Here's a startpoint for the libraries and base API endpoint you need:

In [None]:
samples_endpoint_base = 'http://holofooddataportaldev-env.eba-jwzhg3z2.eu-west-1.elasticbeanstalk.com/api/samples'

import requests
import pandas as pd
import matplotlib.pyplot as plt

Here is some broken code for you to complete (but there is a full solution below, too):

In [None]:
page = 1
while page:
    samples_page = requests.get(         FILL IN THE API ENDPOINT AND QUERY PARAMETERS            ).json()
    samples_page_df = pd.json_normalize(            FILL IN SOME CODE TO GET ITEMS FROM THE QUERY RESPONSE                )
    
    if page == 1:
        samples_df = samples_page_df
    else:
        samples_df = pd.concat(
            [
                samples_df,
                samples_page_df
            ]
        )
    
    page += 1
    if len(samples_df) >= samples_page['count']:
        page = False

        
def get_host_length_and_timepoint(sample):
    sample_detail = requests.get(             FILL IN THE SAMPLE DETAIL API ENDPOINT              ).json()
    metadata = sample_detail['structured_metadata']
    host_length =          WRITE SOME CODE TO GET THE host length METADATA
    timepoint =      WRITE SOME CODE TO GET THE trial timepoint METADATA MARKER
    return host_length['measurement'], timepoint['measurement']

metadata = samples_df.apply(
    get_host_length_and_timepoint, 
    axis='columns', 
    result_type='expand'
).rename(
    columns={
        0: 'host_length_cm', 
        1: 'trial_timepoint_days'
    }
)
trial_samples = pd.concat(
    [
        samples_df,
        metadata
    ]
)
trial_samples.groupby('trial_timepoint_days').host_length_cm.hist(legend=True, bins=5, alpha=0.5)
plt.xlabel('Host length / cm');

Here is the complete code in case you get stuck.
Click the ••• to unhide the cell.

In [None]:
page = 1

while page:
    samples_page = requests.get(
        f'{samples_endpoint_base}?{page=}&project=PRJEB41657&title=SA01&require_metadata_value=host length'
    ).json()
    samples_page_df = pd.json_normalize(
        samples_page['items']
    )
    
    if page == 1:
        samples_df = samples_page_df
    else:
        samples_df = pd.concat(
            [
                samples_df,
                samples_page_df
            ]
        )
    
    page += 1
    if len(samples_df) >= samples_page['count']:
        page = False

def get_host_length_and_timepoint(sample):
    sample_detail = requests.get(
        f'{samples_endpoint_base}/{sample.accession}'
    ).json()
    metadata = sample_detail['structured_metadata']
    host_length = next(
        metadatum 
        for metadatum in metadata 
        if metadatum['marker']['name'] == 'host length'
    )
    timepoint = next(
        metadatum 
        for metadatum in metadata 
        if metadatum['marker']['name'] == 'trial timepoint'
    )
    return host_length['measurement'], timepoint['measurement']

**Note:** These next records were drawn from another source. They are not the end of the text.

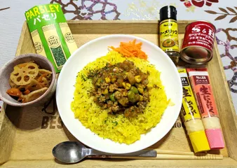 春をイメージし✿私なりに華やかに~🌈 本日の夕食はちょっぴり春🌸を意識して…私なりですが(笑) 華やかな色どりを意識してみました🌈【ドライカレー&ターメリックライス】ドライカレーの具材は、豚ひき肉・大根・コーン・枝豆味付けは初めて🔰赤缶カレー粉を使用しましたヽ(^o^)丿コンソメ・ケチャップ・ソース・生姜・にんにくで味を調整しました♪盛
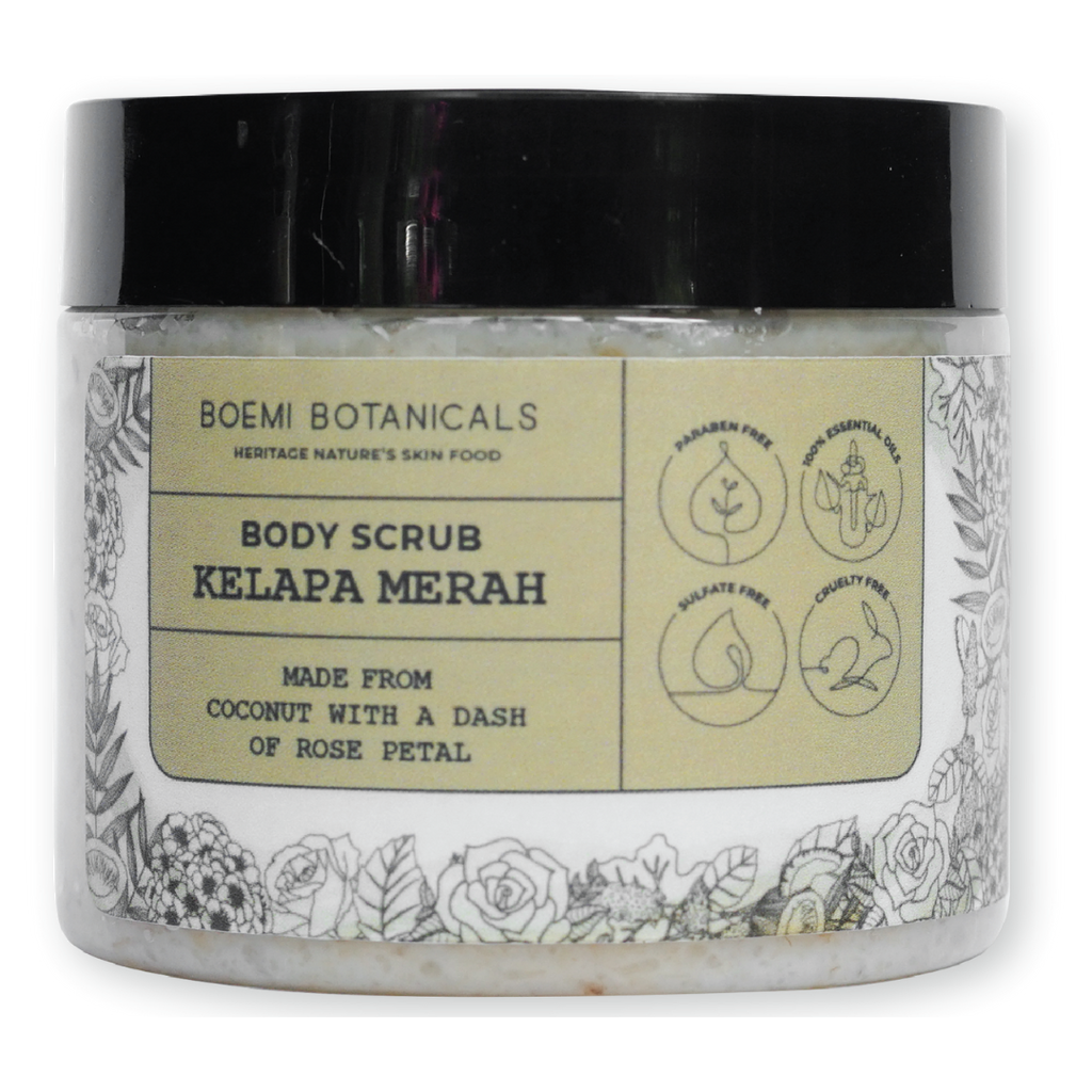 Indulge your skin in a gentle exfoliating ritual with BOEMI Botanicals Natural Body Scrub Kelapa Merah, a rich, moisturizing body scrub inspired by tropical island traditions. Formulated with coconut oil, shea butter, and honey, this creamy scrub helps soften and condition the skin, leaving it feeling smooth, supple, and comfortably hydrated after rinsing.
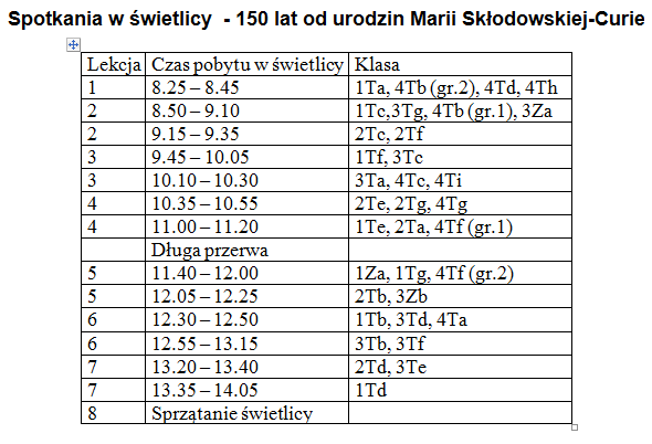 we wtorek 7 listopada, zostanie przeprowadzony wśród Was, szkolny konkurs z wiedzy o życiu Marii Skłodowskiej-Curie. W konkursie uczestniczą całe klasy. Przygotujcie się, będzie nagroda!
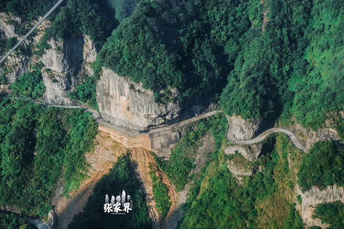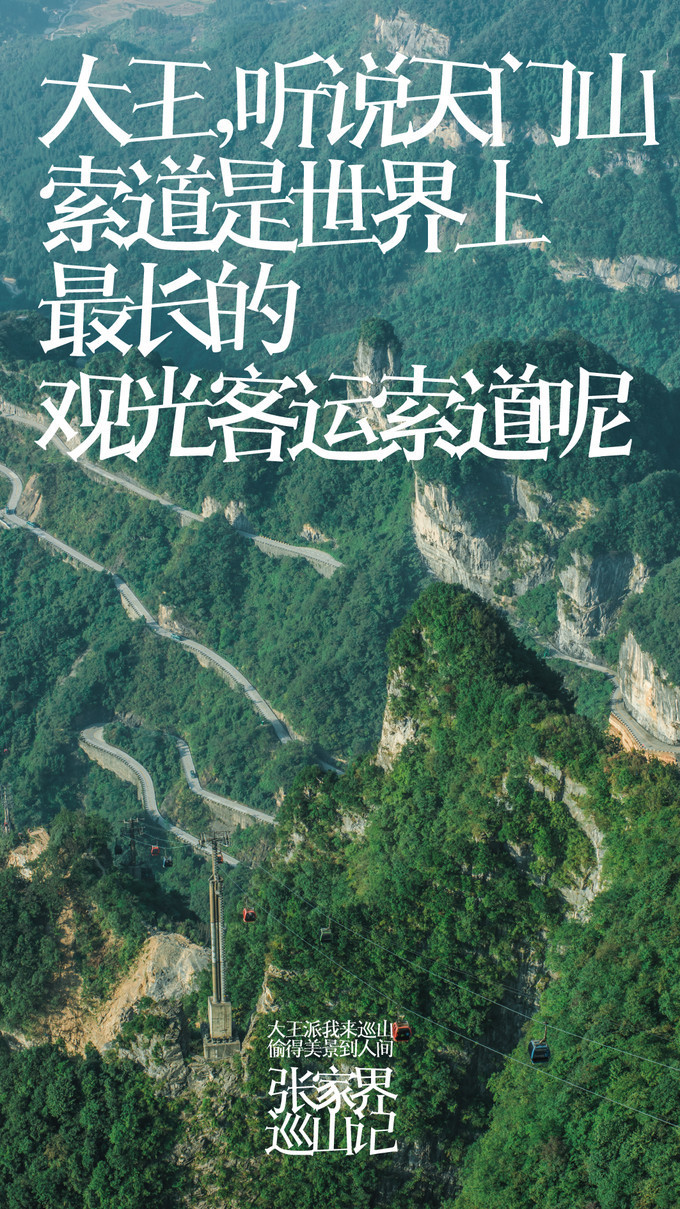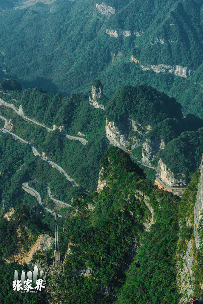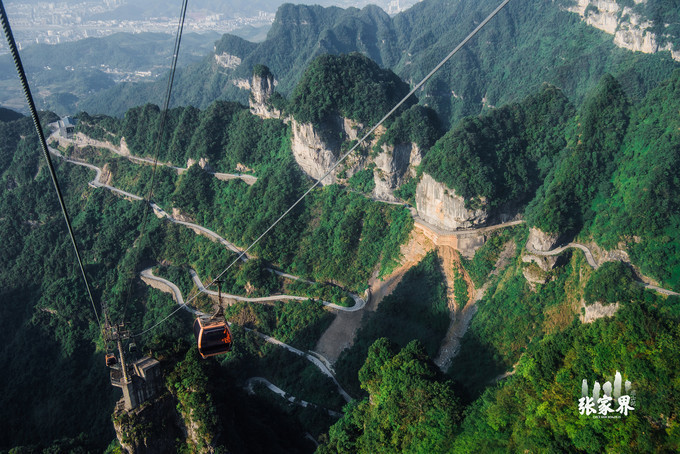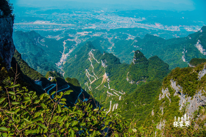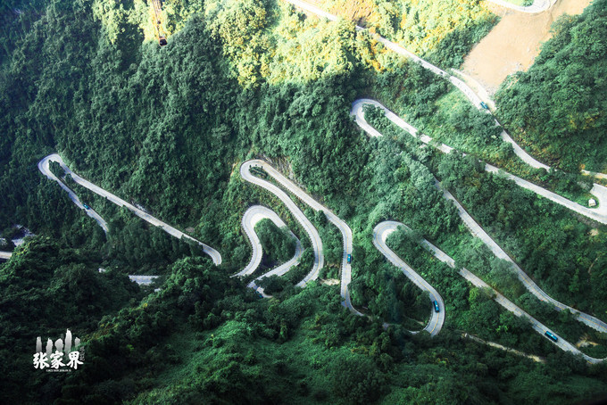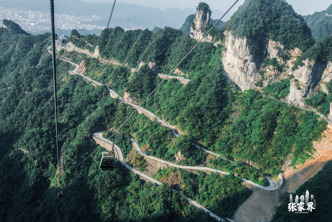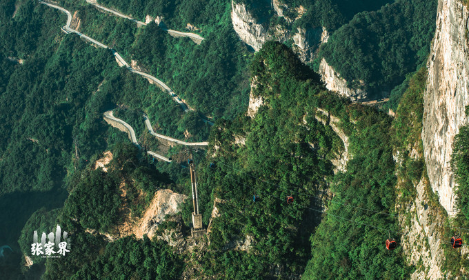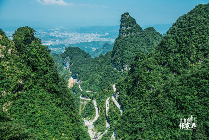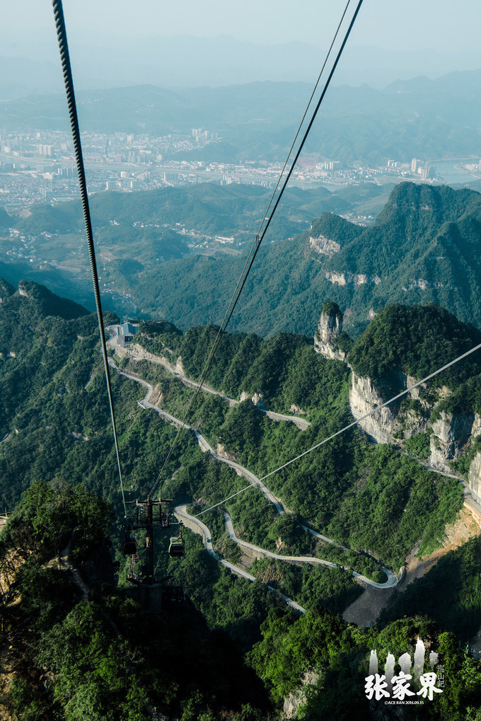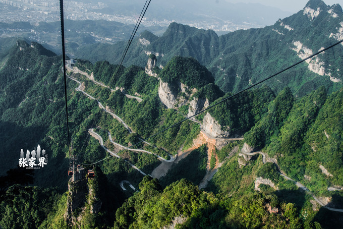 张家界天门山景区张家界天门山景区这是刚才坐车上来的99道弯的 盘山 公路,如此之惊险。
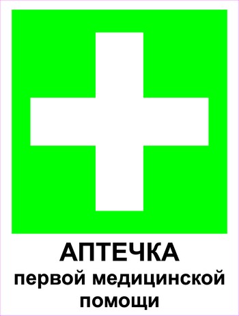 Место размещения: на стенах, дверях помещений для обозначения мест размещения аптечек первой медицинской помощи
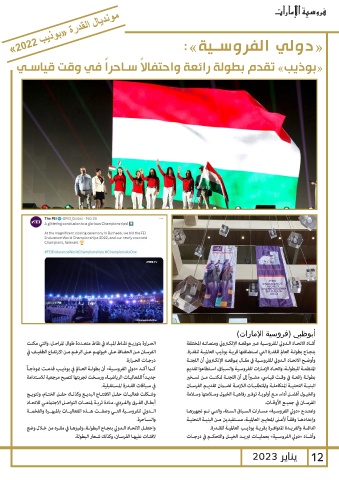 كـا أكـد «دولي الفروسـية» أن بطولـة العـالم في بوذيـب قدمـت نموذجـاً وأوضـح الاتحـاد الـدولي للفروسـية في مقـال بموقعـه الإلكـروني أن اللجنـة

metadata = samples_df.apply(
    get_host_length_and_timepoint, 
    axis='columns', 
    result_type='expand'
).rename(
    columns={
        0: 'host_length_cm', 
        1: 'trial_timepoint_days'
    }
)
trial_samples = pd.concat(
    [
        samples_df,
        metadata
    ]
)
trial_samples.groupby('trial_timepoint_days').host_length_cm.hist(legend=True, bins=5, alpha=0.5)
plt.xlabel('Host length / cm');